§ Work order:
Reproduce only what runs from the line containing "A map to show" to the line containing "An early 19th" in the records below, inclusive. Keep it exact, and keep the pictures out.
── Excerpted records ──
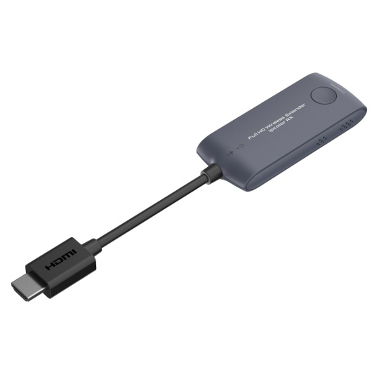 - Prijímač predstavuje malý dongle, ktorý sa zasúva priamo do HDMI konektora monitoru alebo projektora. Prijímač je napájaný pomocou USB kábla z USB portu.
───
── Excerpted records ──
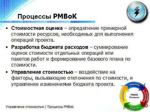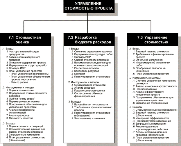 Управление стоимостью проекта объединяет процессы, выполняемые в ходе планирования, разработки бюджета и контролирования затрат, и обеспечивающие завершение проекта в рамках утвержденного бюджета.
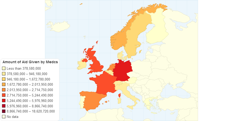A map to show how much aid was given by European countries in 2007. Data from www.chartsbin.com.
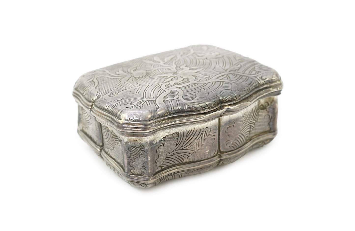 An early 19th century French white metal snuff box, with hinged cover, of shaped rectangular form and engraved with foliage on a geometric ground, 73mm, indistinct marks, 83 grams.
───
── Excerpted records ──
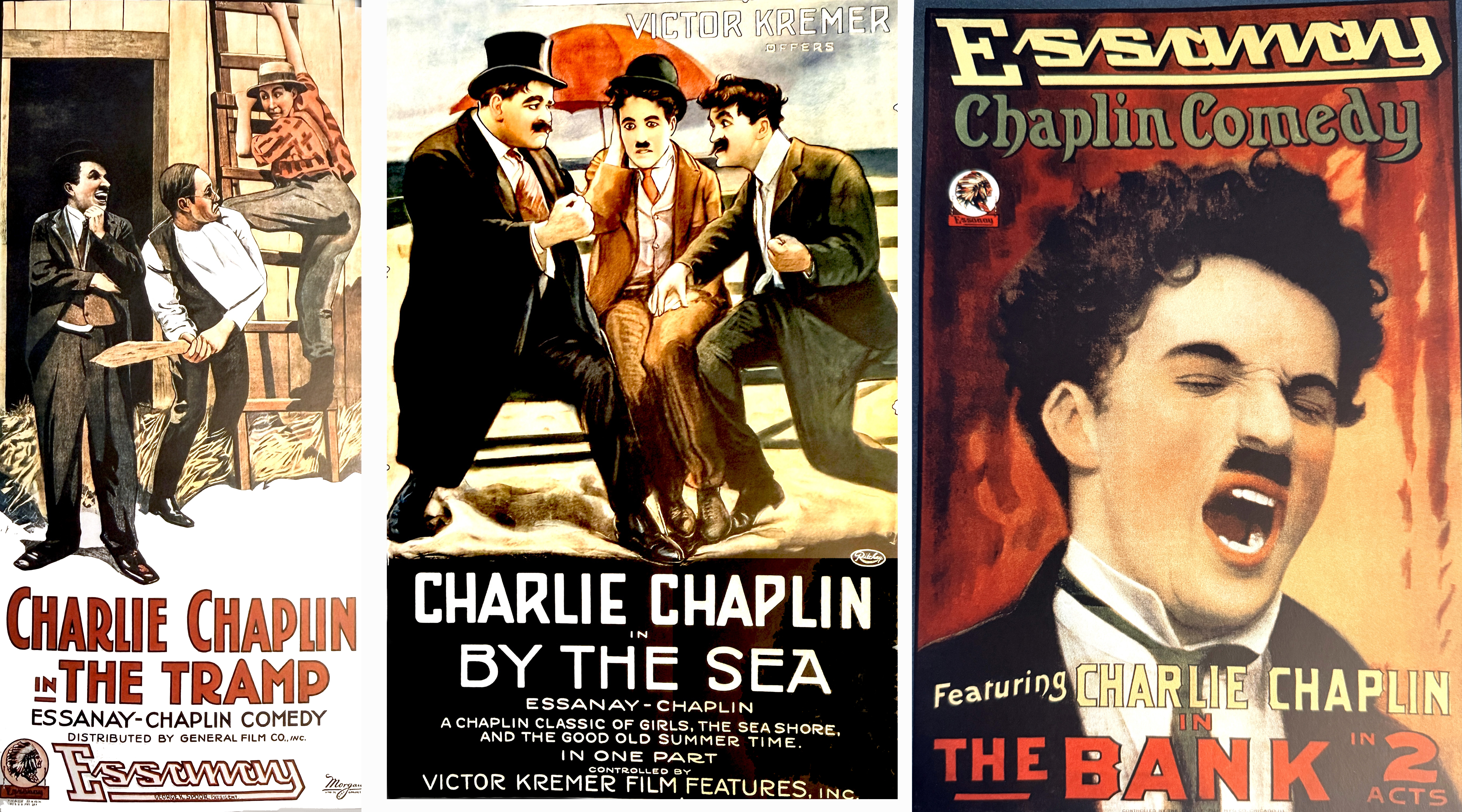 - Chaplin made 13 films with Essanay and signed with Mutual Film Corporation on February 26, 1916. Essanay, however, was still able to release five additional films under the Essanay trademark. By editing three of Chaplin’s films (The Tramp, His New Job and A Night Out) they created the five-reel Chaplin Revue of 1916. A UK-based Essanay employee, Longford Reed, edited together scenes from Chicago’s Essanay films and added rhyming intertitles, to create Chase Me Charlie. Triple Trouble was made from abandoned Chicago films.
───
§ Answer to this exercise:
A map to show how much aid was given by European countries in 2007. Data from www.chartsbin.com.
 An early 19th century French white metal snuff box, with hinged cover, of shaped rectangular form and engraved with foliage on a geometric ground, 73mm, indistinct marks, 83 grams.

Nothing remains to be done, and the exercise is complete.